EXERCISE: Return the full listing character for character, without its pictures.

DATA BELOW:
*** Begin section ***
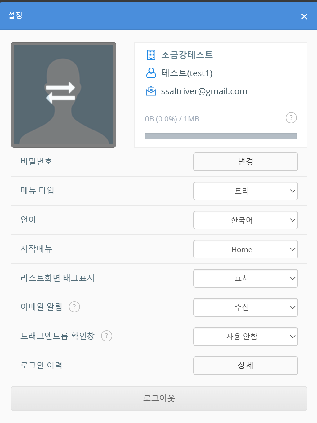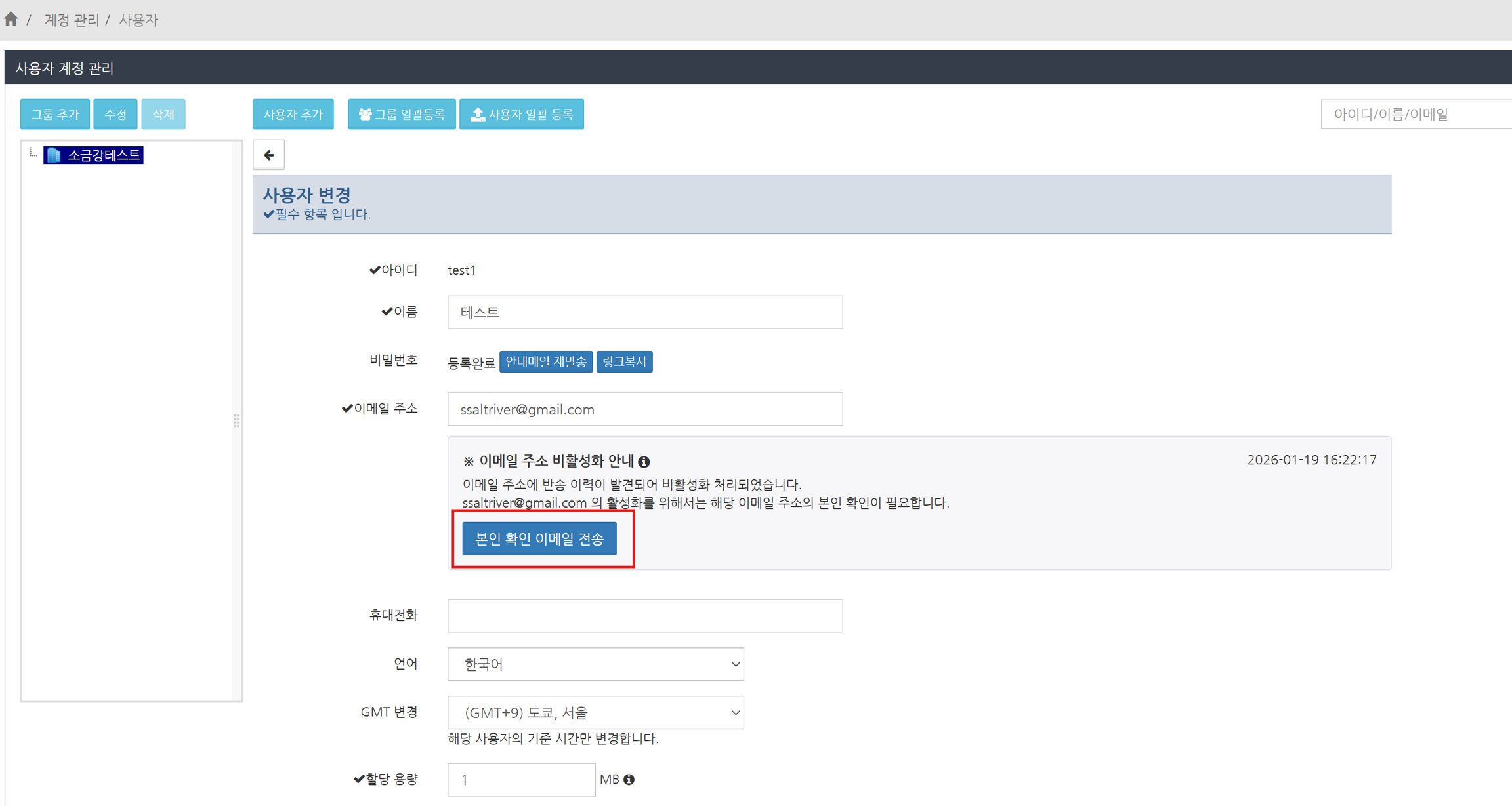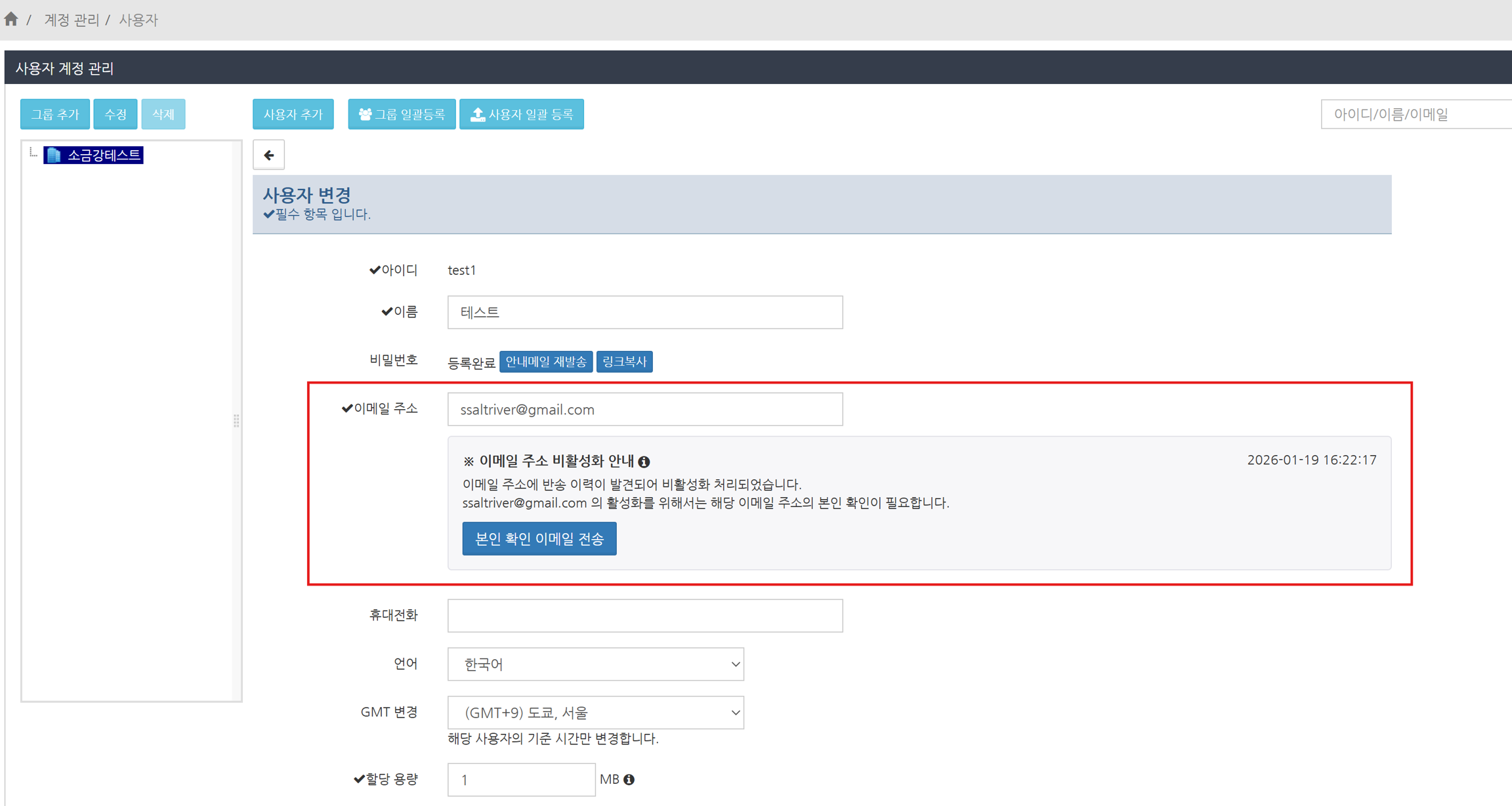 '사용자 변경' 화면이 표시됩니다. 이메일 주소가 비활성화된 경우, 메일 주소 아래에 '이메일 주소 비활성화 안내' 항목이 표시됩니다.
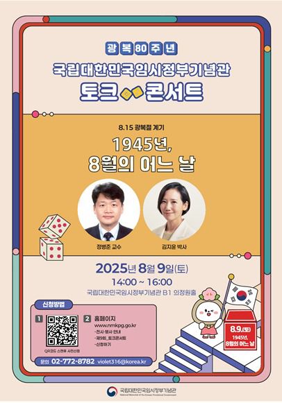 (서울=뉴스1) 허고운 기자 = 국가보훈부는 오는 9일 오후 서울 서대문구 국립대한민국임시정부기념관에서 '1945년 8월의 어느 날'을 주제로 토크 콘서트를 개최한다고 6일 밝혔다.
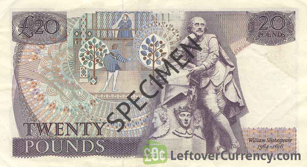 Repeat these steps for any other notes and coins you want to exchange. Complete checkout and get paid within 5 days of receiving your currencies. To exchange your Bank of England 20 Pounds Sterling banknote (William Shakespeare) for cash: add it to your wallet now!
*** End section ***
REPLY TO THE TASK:
 '사용자 변경' 화면이 표시됩니다. 이메일 주소가 비활성화된 경우, 메일 주소 아래에 '이메일 주소 비활성화 안내' 항목이 표시됩니다.
 (서울=뉴스1) 허고운 기자 = 국가보훈부는 오는 9일 오후 서울 서대문구 국립대한민국임시정부기념관에서 '1945년 8월의 어느 날'을 주제로 토크 콘서트를 개최한다고 6일 밝혔다.
 Repeat these steps for any other notes and coins you want to exchange. Complete checkout and get paid within 5 days of receiving your currencies. To exchange your Bank of England 20 Pounds Sterling banknote (William Shakespeare) for cash: add it to your wallet now!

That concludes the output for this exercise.